Task directions
The answer should match the entries that follow exactly, except that no image appears in it.

(Dataset entries)
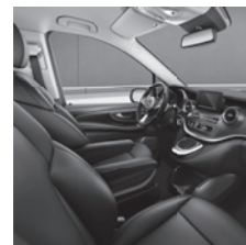
Leder Nappa schwarz (VY7) oder tartufo (V4T) oder seidenbeige (VY9)
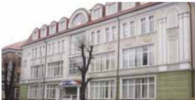
Начало создания филиалов в различных регионах России.
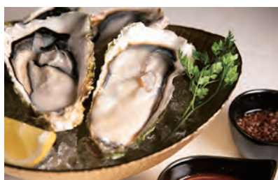
フレッシュオイスター 4ピース ¥2,000
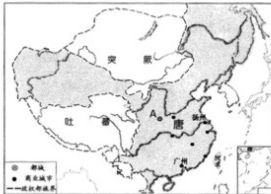
图 唐开元年间形势图
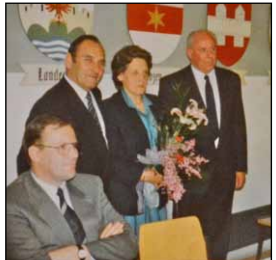
30-jähriges Dienstjubiläum und zugleich letzter Auftritt als Bürgermeister der Stadt Vils (04.04.1959 - 07.04.1989)

Result below
Leder Nappa schwarz (VY7) oder tartufo (V4T) oder seidenbeige (VY9)
Начало создания филиалов в различных регионах России.
フレッシュオイスター 4ピース ¥2,000
图 唐开元年间形势图
30-jähriges Dienstjubiläum und zugleich letzter Auftritt als Bürgermeister der Stadt Vils (04.04.1959 - 07.04.1989)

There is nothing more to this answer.